Гитлер мягко улыбнулся, успокоенно кивнул:
— Хорошо, Борман, я найду момент для того, чтобы припугнуть тех, кто проявляет малодушие…
Когда Борман шел к двери, Гитлер тихо засмеялся:
— Но ведь я буду обязан исполнить данное слово, если ваша убежденность в победе рухнет?
Борман обернулся: Гитлер терзал своей правой рукою левую, трясущуюся, и смотрел на него просяще, как ребенок, который не хочет слушать страшную сказку или, вернее, желает заранее знать, что конец будет — так или иначе — благополучный.
— Если наступит крах, я застрелюсь на ваших глазах, мой фюрер, — сказал Борман. — Моя жизнь и судьба настолько связаны с вами, так нерасторжимы, что, думая о вас, я думаю о себе…
— А как люди на улицах одеты? — спросил Гитлер.
Борман ужаснулся этому вопросу, вспомнив тысячи трупов вдоль дорог, изголодавшихся детей, согбенных пергаментных старух, замерших в очередях возле магазинов, где давали хлеб; руины домов; воронки на дорогах, пожарища, висящих на столбах солдат с дощечками на груди: «Я не верил в победу!», и ответил, ужасаясь самому себе:
— Весна всегда красила берлинцев, мой фюрер, девушки сняли пальто, дети бегают в рубашонках…
— А столики кафе уже вынесли на бульвары?
И тут Борман испугался: а что, если Геббельс рассказал фюреру хоть гран правды? Или показал фото зверств авиации союзников?
— Нет, — ответил он, не отрывая глаз от лица Гитлера, — нет еще, мой фюрер… Люди ждут победы, хотя маленькие рыбацкие кабачки на Фишермаркте и пивнушки возле заводов полны рабочего люда…
— Я не пробовал пива с времен первой войны, — сказал Гитлер. — У меня к нему отвращение… Знаете почему? Я перепил в детстве.
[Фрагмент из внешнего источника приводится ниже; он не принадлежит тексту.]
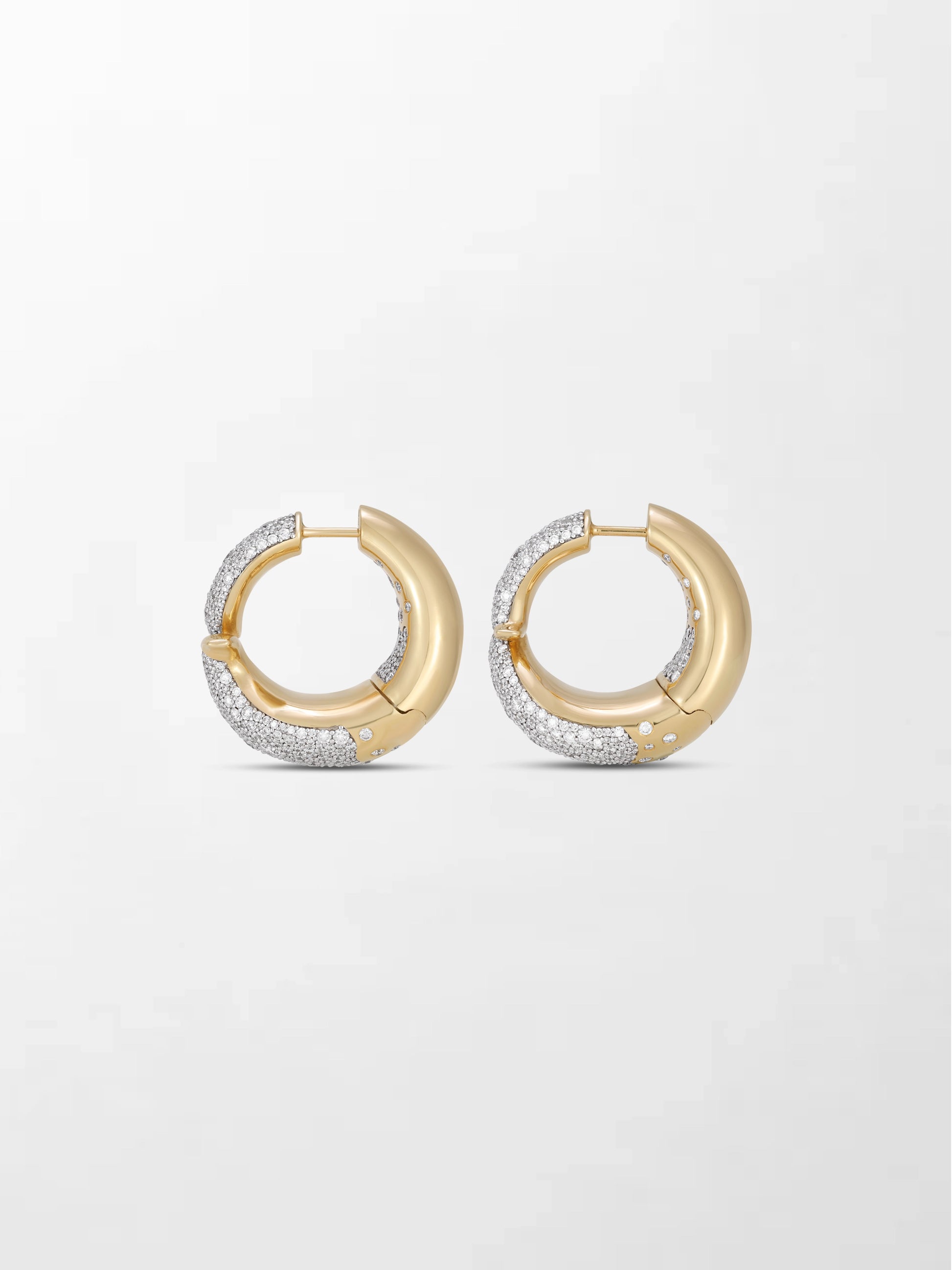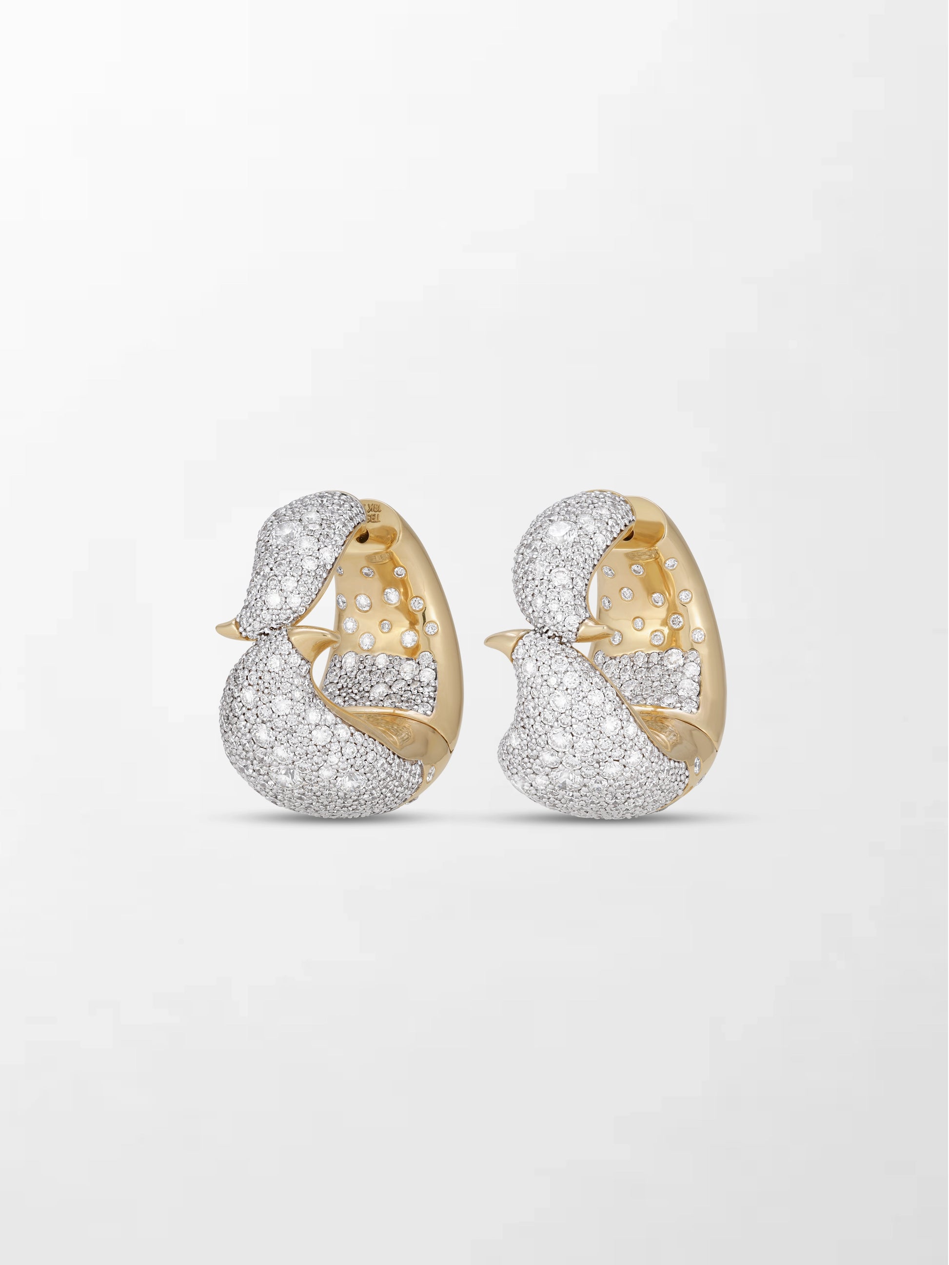 Premium flick earrings featuring 710 round diamonds in 18K yellow gold.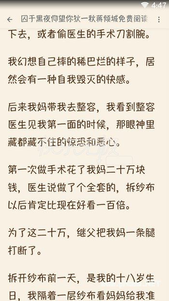 小说《囚于黑夜仰望你》主角为爱放下理智,放下尊严,放下执着,唯独放不下她。赌场里人声鼎沸,不论是筹码大的还是筹码小的桌位前都围满了人群。这年头,喝酒伤身,吸烟又伤肺,男人们除了把钱花给外面的女人,就是在赌场里尽情浪费资本,若是能赚点本钱回来一举两得,若是赔了个精光也是自己活该。小编也在追的小说《囚于黑夜仰望你》。非常值得一看!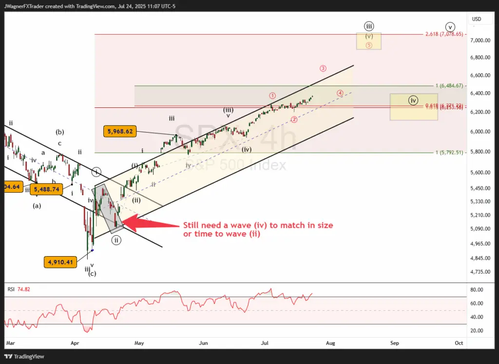 The SPX chart follows an incomplete Elliott Wave impulse pattern as the market continues its climb in wave ((iii)).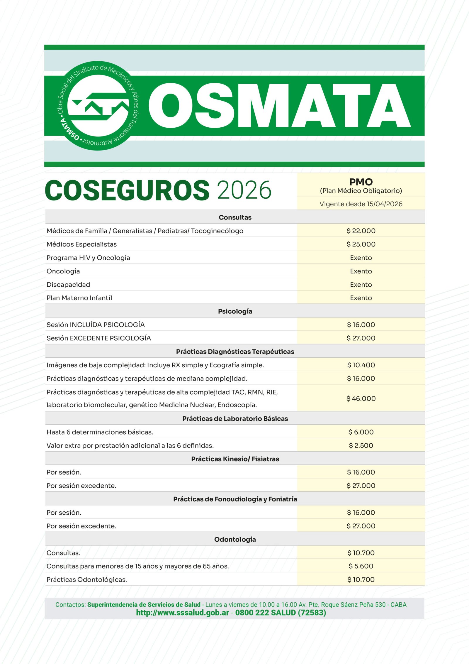 A partir del 15 de ABRIL de 2026, OSMATA introduce nuevos valores de coseguros para la atención bajo el Plan Médico Obligatorio (PMO). Consulta los detalles sobre: consultas, prácticas ambulatorias y atención domiciliaria, con tarifas actualizadas para médicos, especialistas, estudios de diagnóstico, psicología y más. Ajustado a tus necesidades, para una atención de calidad y eficiente.

И ужасно страдал… С тех пор у меня страх и ненависть к алкоголю… Это было так ужасно, когда я увидел себя со стороны, лежавшего ничком, со спутавшимися волосами; невероятные колики в солнечном сплетении; холодный пот на висках… Именно тогда я решил, что, после того как мы состоимся, я брошу всех алкоголиков, их детей и внуков в особые лагеря: им не место среди арийцев; мы парим идеей, они — горячечными химерами, которые расслабляют человека, делая его добычей для алчных евреев и бессердечных большевиков… Но после победы я выйду с вами на Унтер-ден-Линден, прогуляюсь по Фридрихштрассе, зайду в обычную маленькую пивную и выпью полную кружку пенного «киндля»…

 

…Через полчаса помощник Бормана штандартенфюрер Цандер рассказал о работе, проведенной полковником Хубером — его человеком в окружении Геринга.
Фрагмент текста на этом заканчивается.